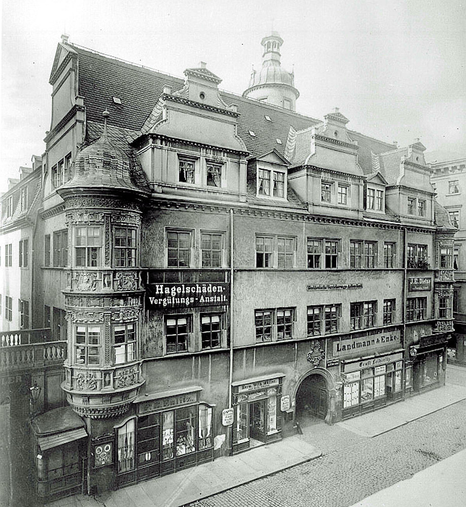 Das Gebäude mit dem Fürstenhauserker in Leipzig steht an der Kreuzung Grimmaische Straße / Nikolaistraße, unweit der Nikolaikirche.
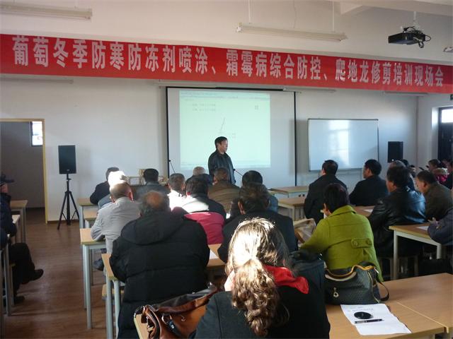 合阳葡萄试验示范站举办“葡萄冬季防寒防冻剂喷涂、霜霉病综合防控、爬地龙修剪培训现场会”
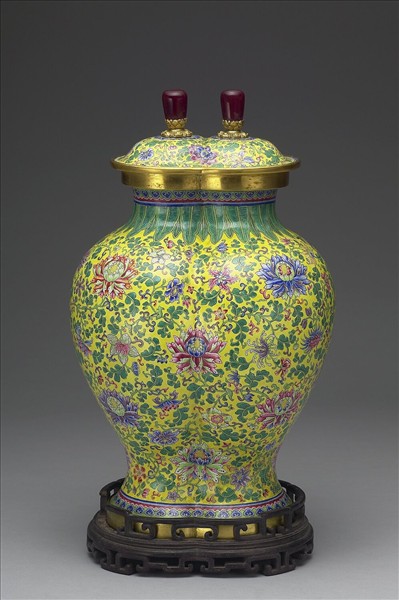 銅胎,豐肩,斂腹撇足,器形似雙魚頭尾相對並連,器蓋鑲二紅料寶珠鈕,有鎏金圈足。頸部繪蕉葉紋,器身滿繪黃地纏枝蓮等花葉紋飾,繁複縟麗。底有白地「乾隆年製」藍料款。雙連又可稱「合歡」, 象徵合和的吉祥寓意。
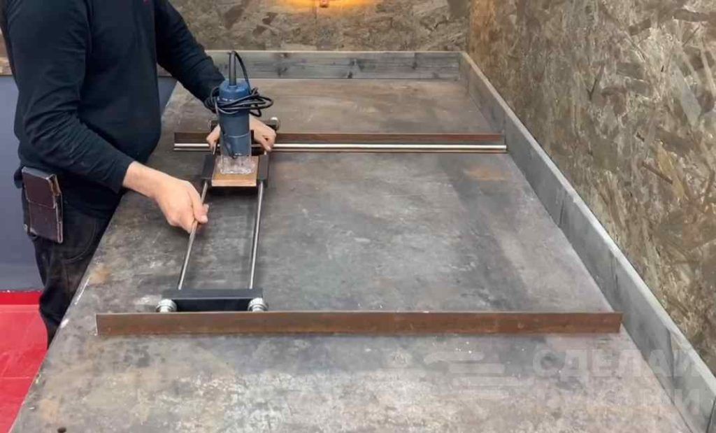 Далее отрезаем от фанеры заготовки необходимых размеров. Кромки заготовок, которые будут примыкать друг к другу, нужно обрезать под углом 45 градусов с помощью ручной циркулярки.
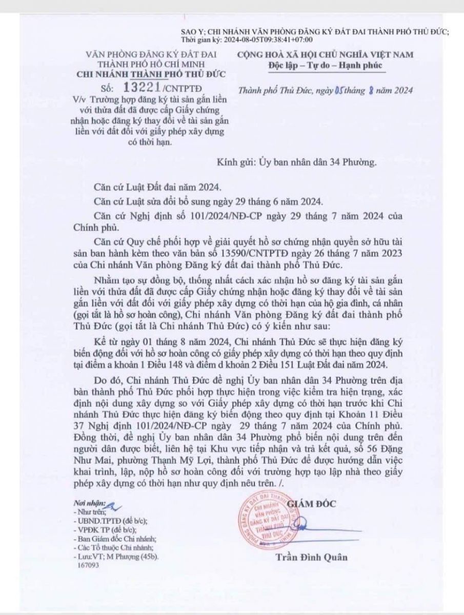 Thành phố Thủ Đức đã cấp giấy phép xây dựng cho ngôi nhà cấp có thời hạn, và việc hoàn công đã được thực hiện từ ngày 01.08.2024.
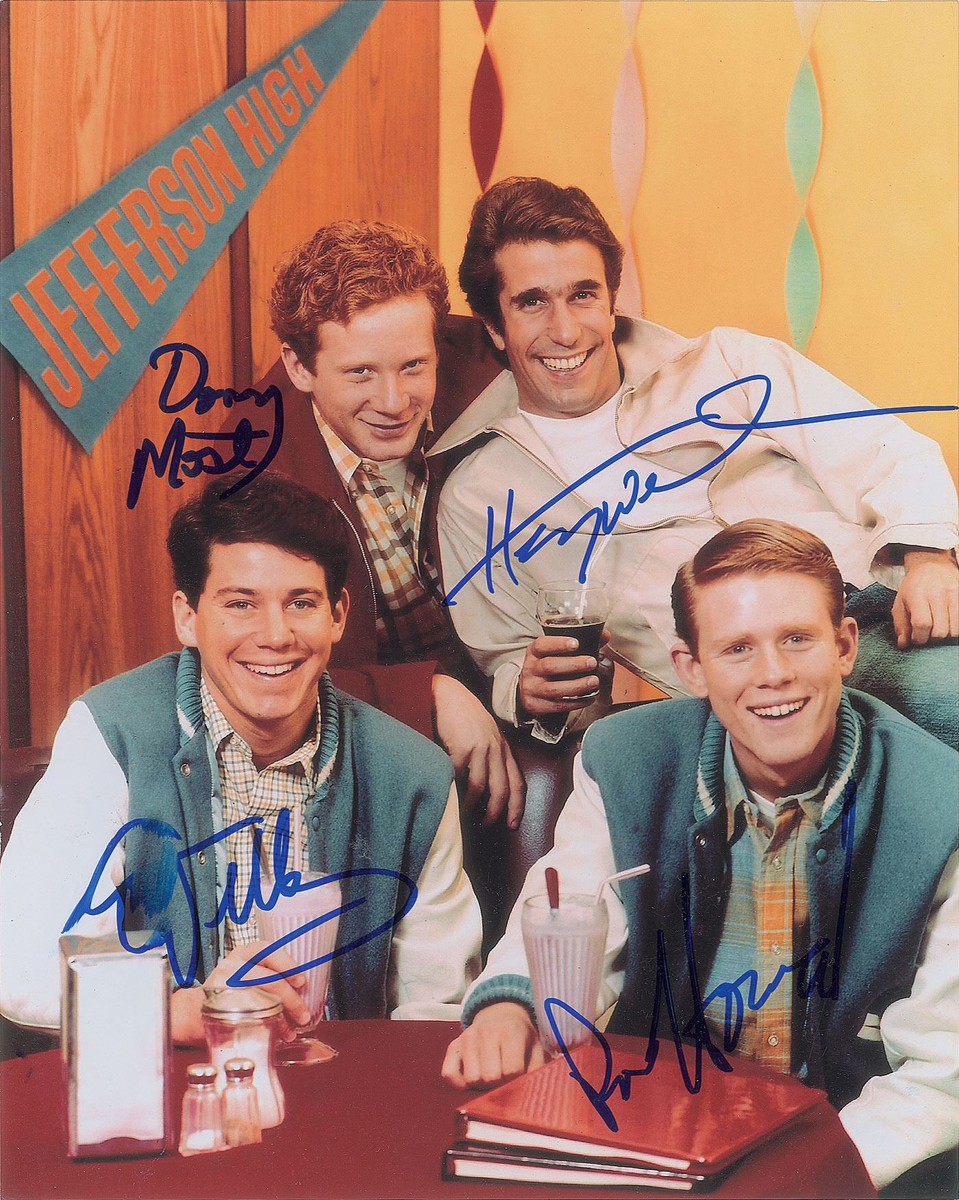 Color glossy 8 x 10 photo of the four stars from the show Happy Days, signed in blue felt tip by Henry Winkler, Donny Most, Anson Williams, and Ron Howard. In fine condition, with some brushing to the Williams signature. Originally obtained by in-person specialist Mike Wehrmann.

# # # #

TO DO: When copying from the data above, begin at the line containing "Далее отрезаем от" and end at the line containing "Thành phố Thủ"; return those lines exactly and leave all pictures behind.

SOLUTION TO THIS TASK:
 Далее отрезаем от фанеры заготовки необходимых размеров. Кромки заготовок, которые будут примыкать друг к другу, нужно обрезать под углом 45 градусов с помощью ручной циркулярки.
 Thành phố Thủ Đức đã cấp giấy phép xây dựng cho ngôi nhà cấp có thời hạn, và việc hoàn công đã được thực hiện từ ngày 01.08.2024.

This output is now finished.